Closed elliotf closed 4 years ago
An SVG number can be in many different units, the dpi parameter helps to convert those to a common one. I think that's alright. The problem is rather that the numbers of the output gcode are not in mm or inch, but in simple dots
. Which is meaningless in respect the size of the original image... What if we introduce a command line parameter to set the unit of the gcode numbers? something like --unit=mm
And --unit=mm
would affect the output gcode, or how the svg units were interpreted?

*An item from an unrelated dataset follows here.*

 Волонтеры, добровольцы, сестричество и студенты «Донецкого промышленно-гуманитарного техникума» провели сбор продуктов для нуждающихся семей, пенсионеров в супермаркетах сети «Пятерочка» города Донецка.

It would affect the output gcode.
Actually, your example is quite complicated because it contains a viewBox
which is not handled either... Can we work with this for a moment? Should draw the same.
<?xml version="1.0" encoding="UTF-8" standalone="no"?>
<svg
xmlns:dc="http://purl.org/dc/elements/1.1/"
xmlns:cc="http://creativecommons.org/ns#"
xmlns:rdf="http://www.w3.org/1999/02/22-rdf-syntax-ns#"
xmlns:svg="http://www.w3.org/2000/svg"
xmlns="http://www.w3.org/2000/svg"
id="svg8"
version="1.1"
height="200mm"
width="200mm">
<g
transform="translate(0,0)"
id="layer1">
<rect
y="0"
x="0.00"
height="200mm"
width="200mm"
id="rect39"
style="fill:none;stroke:#000000;stroke-width:0.26458332" />
</g>
</svg>
Actually, that generates good gcode in mm-s. I'm confused now. Will have a look at the code. Maybe the only problem is with handling the viewBox
...
G17
G90
G0 Z10
G0 X0 Y0
M3
G4 P2000.000000
G00 Z10
G00 X0.0000 Y0.0000
G01 Z0 F10.00
G01 X200.0000 Y0.0000
G01 X200.0000 Y200.0000
G01 X0.0000 Y200.0000
G01 X0.0000 Y0.0000
G0 Z10
M5
M2
Ok, I was wrong. The output is actually in mm, so we do not need the extra command line option. I think the problem is with the viewBox
then, because the generated gcode is good without it.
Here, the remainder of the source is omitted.